* _Directions_: Skip the pictures and write out, word for word, the lines below from the one with "La educación en" through the one with "Dalam rangka meningkatkan", inclusive.

Source data Start Marker

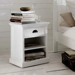 Landhausstil Nachtschrank Venzeno Aus Weißem Holz Teilmassiv
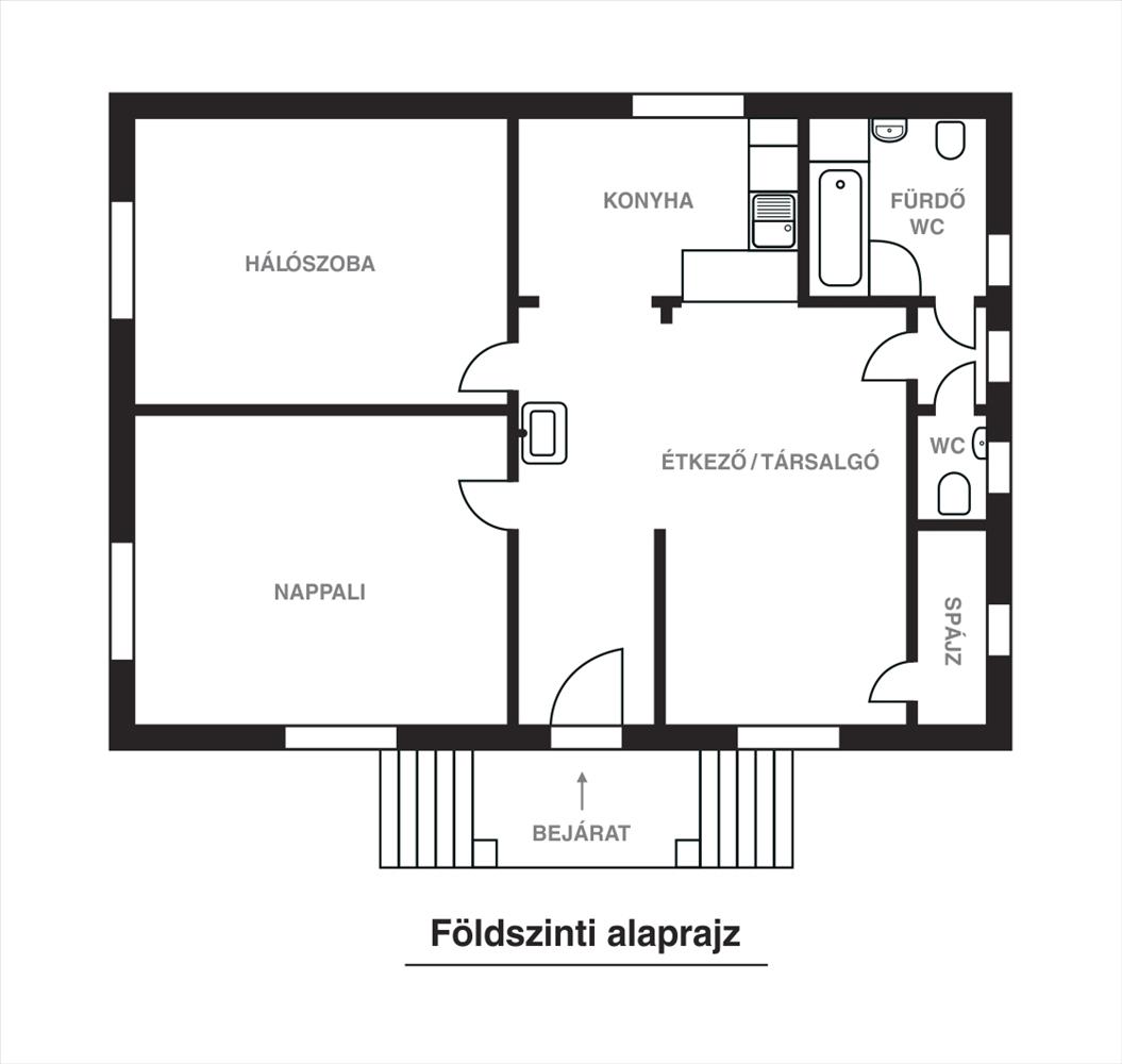 Elosztás: Nappali, étkező, 2 tágas szoba, konyha, fürdő-WC
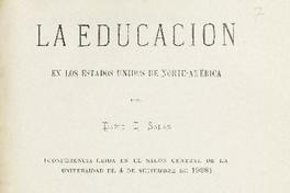 La educación en los Estados Unidos de Norte-América : conferencia leída en el Salón Central de la Universidad el 4 de septiembre de 1908 Dario Salas.
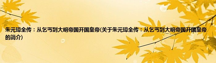 本文关于朱元璋全传:从乞丐到大明帝国开国皇帝的简介就讲解完毕,希望对大家有所帮助。
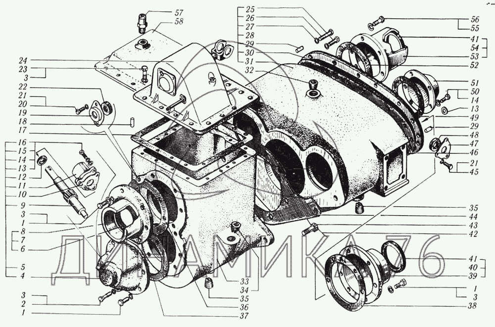 Перечень комплектующих от Картеры коробки раздаточной на КрАЗ-6510
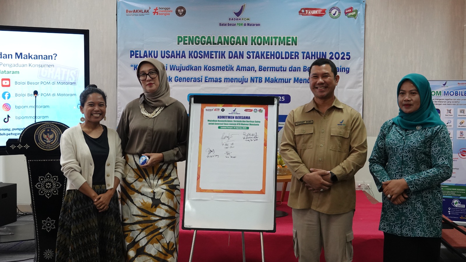 Dalam rangka meningkatkan pengetahuan dan kesadaran pelaku usaha tentang kewajiban pemenuhan aspek mutu, keamanan dan kemanfaatan kosmetik yang diproduksi dan atau diedarkan, pada 26 Agustus 2025 Balai Besar POM di Mataram menyelenggarakan kegiatan Penggalangan Komitmen Pelaku Usaha Kosmetik di wilayah Kabupaten Lombok Tengah. Kegiatan diikuti oleh 50 peserta yang merupakan pelaku usaha yang meperdagangkan kosmetik baik secara konvesional ataupun yang secara online serta kader TP PKK. Tema kegiatan penggalangan adalah Kolaborasi Mewujudkan Kosmetik yang Aman, Bermutu, dan Berdaya Saing Untuk Melindungi Generasi Emas Menuju NTB Makmur Mendunia. Hadir dalam kegiatan ini Ketua TP PKK Provinsi NTB Bunda Sinta M Iqbal dan Ketua I TP PKK Kabupaten Lombok Tengah Bunda Winarsih Nursiah
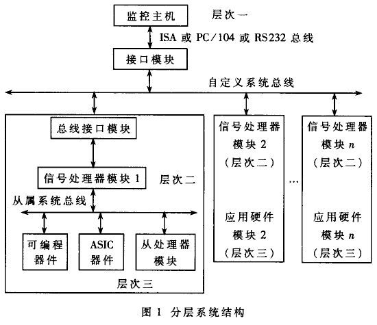 根據(jù)以上思路,系統(tǒng)宜采用分層式結(jié)構(gòu),如圖1所示。其中,自定義系統(tǒng)總線(類似于GPIB總線)及接口模塊實(shí)現(xiàn)主機(jī)(層次一)對多個(gè)信號處理模塊(層次二、三)的監(jiān)控,基于16位ISA并行接口的設(shè)計(jì)細(xì)節(jié)參見參考文獻(xiàn)[2]。對于監(jiān)控主機(jī),在通過了調(diào)試階段后,可以用單片機(jī)替代之以進(jìn)一步減小體積重量,降低成本。在信號處理器模塊中,DSP芯片及其RAM與EPROM組成的最小系統(tǒng)構(gòu)成第二層次,其硬件/軟件都具有通用性。真正與具體產(chǎn)品特定功能有關(guān)的是第三層次,它是由CPLD、ASIC芯片或級聯(lián)工作的從處理器構(gòu)成的應(yīng)用硬件模塊。隨著軟件無線電技術(shù)與器件的發(fā)展,非通用性功能越來越趨向.于用軟件實(shí)現(xiàn),而應(yīng)用硬件模塊則主要是高速CPLD、偏速模/數(shù)轉(zhuǎn)換器及數(shù)/模轉(zhuǎn)換器。因此第三層次也具有一定的通用性。

Source data End Marker

* _Result of this task_:
 La educación en los Estados Unidos de Norte-América : conferencia leída en el Salón Central de la Universidad el 4 de septiembre de 1908 Dario Salas.
 本文关于朱元璋全传:从乞丐到大明帝国开国皇帝的简介就讲解完毕,希望对大家有所帮助。
 Перечень комплектующих от Картеры коробки раздаточной на КрАЗ-6510
 Dalam rangka meningkatkan pengetahuan dan kesadaran pelaku usaha tentang kewajiban pemenuhan aspek mutu, keamanan dan kemanfaatan kosmetik yang diproduksi dan atau diedarkan, pada 26 Agustus 2025 Balai Besar POM di Mataram menyelenggarakan kegiatan Penggalangan Komitmen Pelaku Usaha Kosmetik di wilayah Kabupaten Lombok Tengah. Kegiatan diikuti oleh 50 peserta yang merupakan pelaku usaha yang meperdagangkan kosmetik baik secara konvesional ataupun yang secara online serta kader TP PKK. Tema kegiatan penggalangan adalah Kolaborasi Mewujudkan Kosmetik yang Aman, Bermutu, dan Berdaya Saing Untuk Melindungi Generasi Emas Menuju NTB Makmur Mendunia. Hadir dalam kegiatan ini Ketua TP PKK Provinsi NTB Bunda Sinta M Iqbal dan Ketua I TP PKK Kabupaten Lombok Tengah Bunda Winarsih Nursiah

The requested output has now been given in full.